It looks like Droop's' had a side entrance to the building instead of a sidewalk elevator. There are at least two boxes are at the doorway, and possibly the man is holding a cart handle. The raised door is an intriguing building feature. That's a very nice looking Ford Model T in front of the building.
In an interesting bit of self promotion he has an advertisement for the Hamburg - American Line of steamships, for which he was an agent, above the windows on the left hand side of the photo. Buy a cruise get 1/2 off a Victrola?
Grates in the gauge of trolley tracks? Anyone know?
[As noted in this comment, for access to the electrical conduit under the center slot that powered the trolleys. -tterrace]
Looks like Droop's just got a train car load of upright Victrolas. Those crates had a distinctive tree-stand top to keep the freight crew from shipping these pricey new instruments upside down. Victor packed their machines very well, usually bolted into their crates. Even the shipping crates were well built, as evidenced by the slacker sitting on top of them. Can't tell if these are being unpacked on the street and then moved indoors, or if they had a sidewalk-access elevator that let them into basement storage one by one, still crated. I believe this was located at the corner of 13th and G Streets NW, which has all changed totally in the intervening years.

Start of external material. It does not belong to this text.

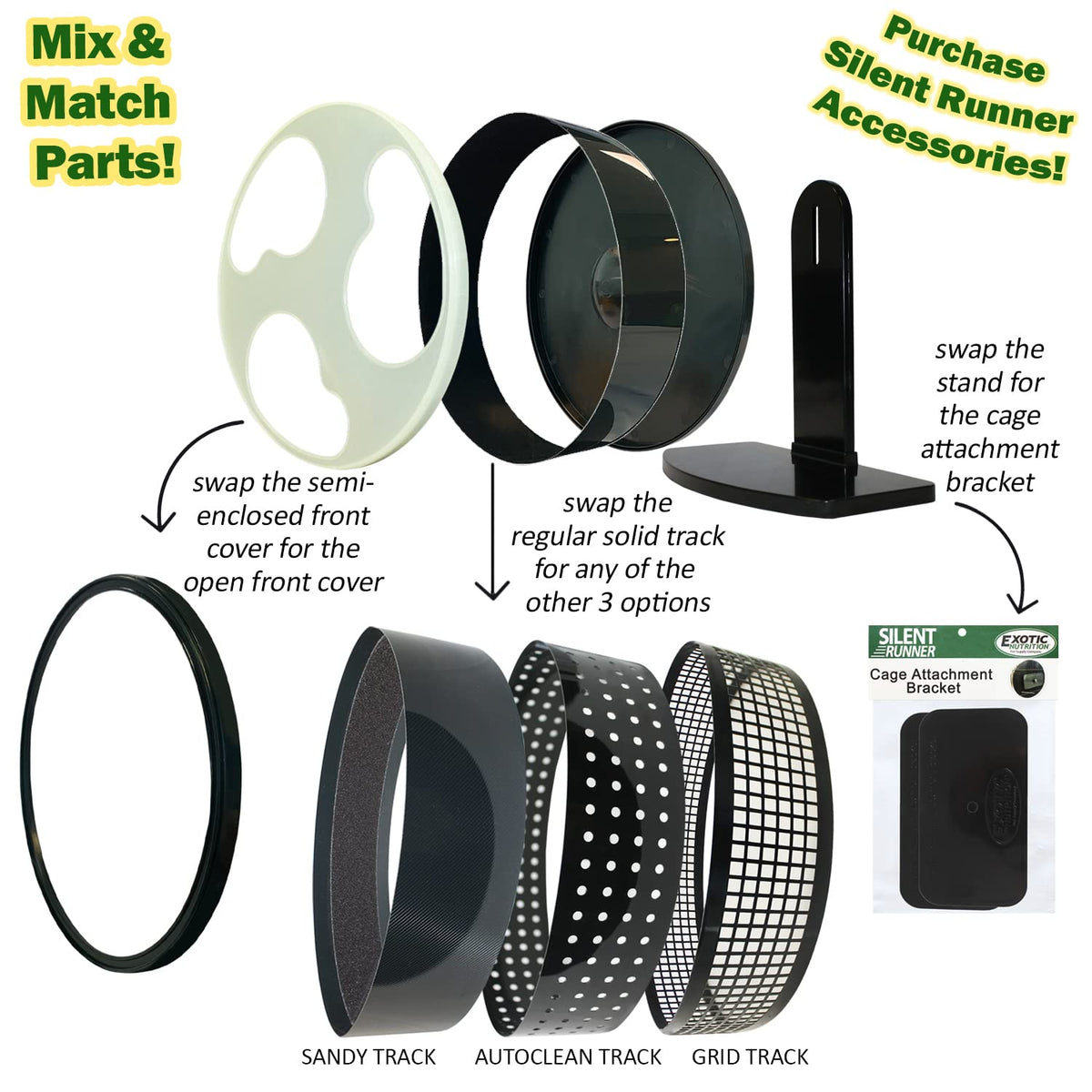 Exotic Nutrition'S Silent Runner Glow Wheel 12' Regular Is The Most Innovative Wheel On The Market For Its Safety Features And Whisper-Silent Spin. The Autoclean Track Makes Cleaning A Breeze By Allowing Debris To Fall Through The Holes In The Track.Size: 12' Wheel Diameter, 3.5' Wide Black Track, 4' Diameter Openings, 13.5' Tall On Standfeatures:? Safe - Axle-Free Construction Prevents Fur/Tail Entanglement, Pet Wrap-A-Round, Curvature Of The Spine, And Other Injuries.&Nbsp;? Quiet - Whisper-Silent Spin Using Dual-Ball Bearing Technology.&Nbsp;? Practical - Wheel Completely Disassembles For Easy Cleaning, No Nooks For Feces To Hide In.&Nbsp;? Secure - Designed With A Front Plate For Safety And Containment, With Natural Bean-Shaped Openings.? Convenient - Autoclean Track Is An Easy Way To Keep Feces And Debris From Building Up On The Wheel? Effective - Increases Ventilation &Amp; Decreases Time Spent Cleaning The Wheel? Easy - Simply Install The Autoclean Track In Place Of The Regular Track, It Takes Less Than A Minute, And The Wheel Will Stay Cleaner Longer**Please Note, Front Plate Will Appear Grey/Translucent On Arrival. Like All Glow-In-The-Dark Items, The Front Plate Needs To Sit In A Lit Room For A Few Hours For It To Glow. It Will Absorb Light During The Day Then Glow In Complete Darkness At Night.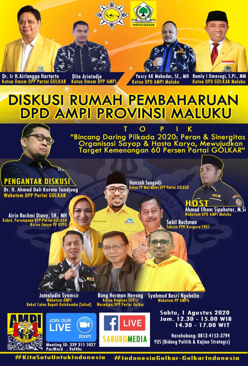 SABUROmedia, Ambon – Dewan Pimpinan Daerah (DPD) Angkatan Muda Pembaharuan Indonesia (AMPI) Provinsi Maluku, menggelar acara webinar dan bincang Pemilihan Kepala Daerah (Pilkada) 2020. Diskusi yang diselenggarakan oleh “Rumah Pembaharuan” DPD AMPI Maluku ini akan di buka pengantar diskusinya oleh Wakil Ketua Umum (Waketum) DPP Partai Golkar, Ahmad Doli Kurnia Tanjung.

but they retained that entrance facing the center of the intersection at G ST & 13 ST NW.
Has nearly everyone's attention. Do I hear hundred-year-old wolf whistles?
As someone who once entertained the foolish ambition of life as a professional musician, I greatly miss the sights, aromas, and sounds of an old fashioned music store: the gleaming and sometimes exotic instruments on display (double-belled euphonium or bass clarinet, anyone?), the scent of rosin, valve oil, and polished hardwoods, the passing virtuoso trying out a piano's action or a couple in a booth exchanging moon-eyed glances as they audition a new release.

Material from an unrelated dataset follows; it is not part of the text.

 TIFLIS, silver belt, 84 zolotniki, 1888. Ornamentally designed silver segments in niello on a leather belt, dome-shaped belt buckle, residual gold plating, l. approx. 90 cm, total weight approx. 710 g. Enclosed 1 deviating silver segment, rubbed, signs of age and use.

Oh, well, I suppose a few Hong Kong roués feel the same way about the demise of the opium den!
From what I see here Droop's business was mainly musical instruments and sheet music. The Victrola (talking machines, as the shippers listed them on their bills of lading) gave them extra income and customers. The other shot in the arm were the phonograph records that brought the customer back in the store more often. Soon to come, would be radio receivers and their assorted accessories like headphones, external speakers and those milk bottle sized vacuum tubes.
Anyone want to wager whether the "drooping" sign was intentional? hehe
Victrolas may be a part of history, but the Steinway piano brand that's also advertised on the truck is still going very strong a century later.
It's already half past noon and they have to deliver all these pianos today.